I will talk about in length what had happened since 2008 when we first met till 2010 when we split. Now, I am 29 years old and I am a virgin. I never had sex with any girl, woman or any female living organism, I have even never ever kissed a girl. I am a loser in terms of girls and a perfect virgin for definition's sake. It's not that I didn't get the opportunities. I am a great looking intelligent guy from a good family with good education but the only problem was that my mind was filled by my parents and destructive education with thoughts that I should always tried to live a perfect life by being a good boy and sex was something that was not in the books of ideas of perfect life. Sex was portrayed as sin. The most funniest thing I believed was that girls hate sex and if you try to have sex with them, they will run away.
But today I have decided that I am going to get her. Her birthday is on 21st march. She is borderline Aries. The most difficult of all female sun signs to live with. But I have some feeling that I want to share with this world now.
I think she left me so I can become a better person and some one who deserves her.

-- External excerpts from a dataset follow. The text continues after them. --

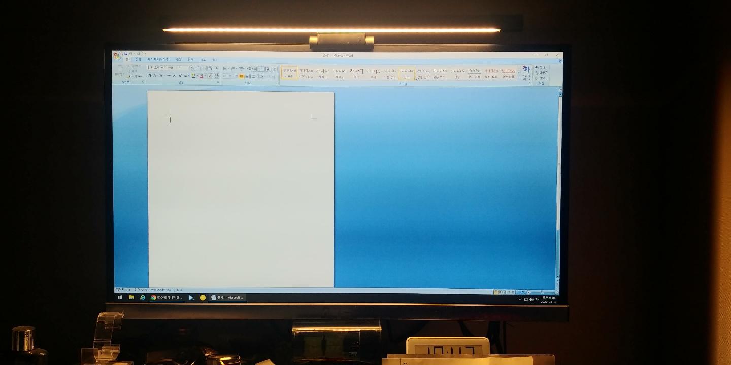 제품을 모니터 위에 올려둬보니 확실히 주변이 밝아져서 책을 읽거나 서류를 보면서 작업하기가 편해졌습니다.
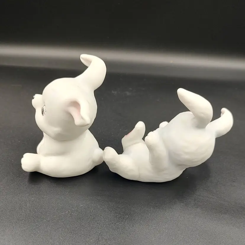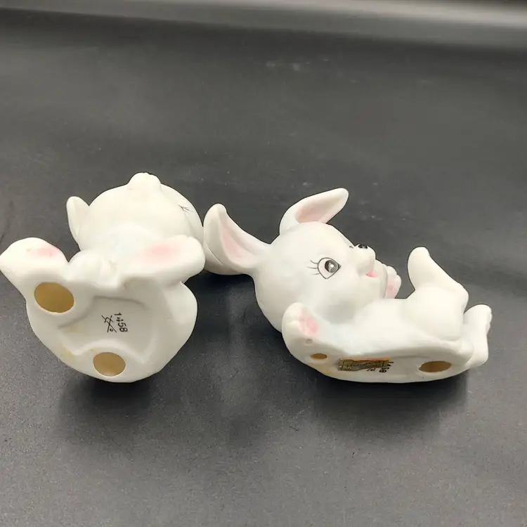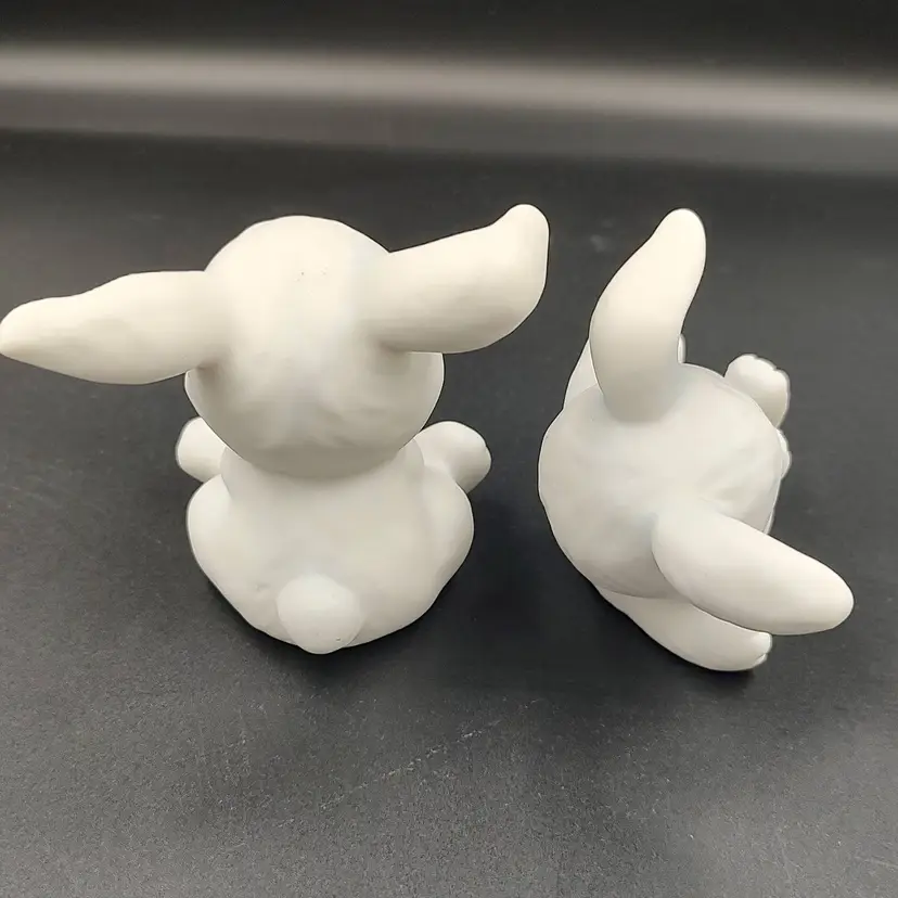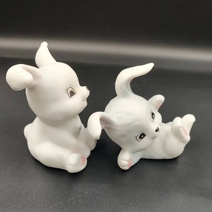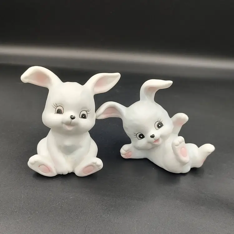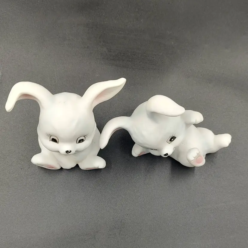 Vintage Homco "Playful Bunnies" White Ceramic Figurines. Height 3" x width 2.5"-3" x length 2"-2.5". Made in Taiwan.
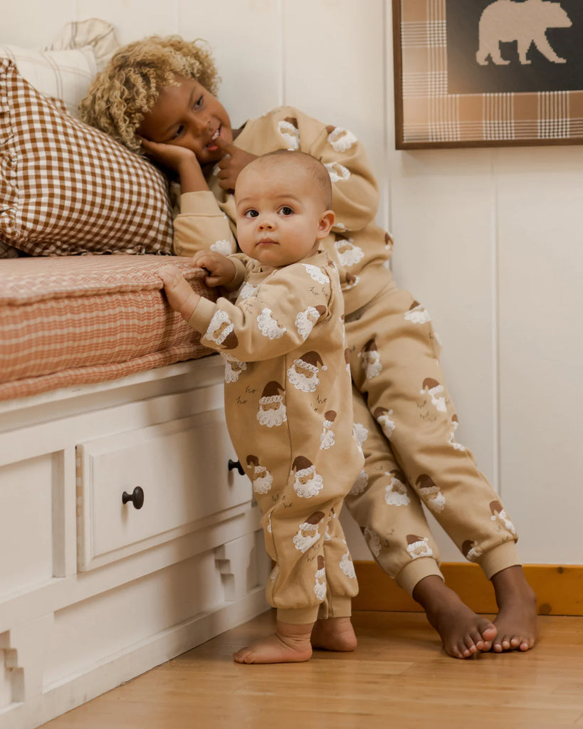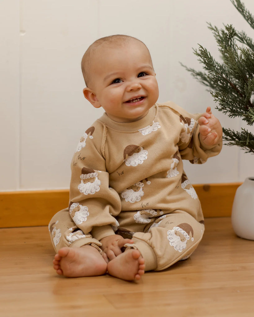 Get cozy this holiday season with our Santa Raglan Jumpsuit! Made from the softest French terry fabric, this longsleeve bubble romper features elastic leg openings and bottom snap closures for easy changing. And with our playful 'santa' pattern on gold, you'll be the life of the party. Machine washable for convenience. Made of 80% cotton and 20% polyester.

I think she left me to give me the time to understand how important she was to me and how true love only meets you once.
I think she is my guardian angel and and a perfect soul mate, as a matter of fact she gave me a book called "Only love is real" by Dr. Brian Weiss when we were together, only gift of her that is with me right now.
I read that book only recently and it changed my perception of love. I don't know why she gave it to me at that time. I guess it was some kind of prophecy or time travelling thing. It must be like only at the time when I would be ready for her, will I read the book.
I think everything that happened between us was because of a reason and the reason was that she was my unseen godly guide for making me change the brave courses of action which considering my coward nature I would have never taken. If I remove her from my life, I would be living a dull useless life working at some useless software company. She filled me with guts of strength and taught me so many things that no one can ever had or could.
She had to leave, I believe but only to come back when I would have become a better man. Now, I have become a better man and I truly believe that the love of my life will soon return.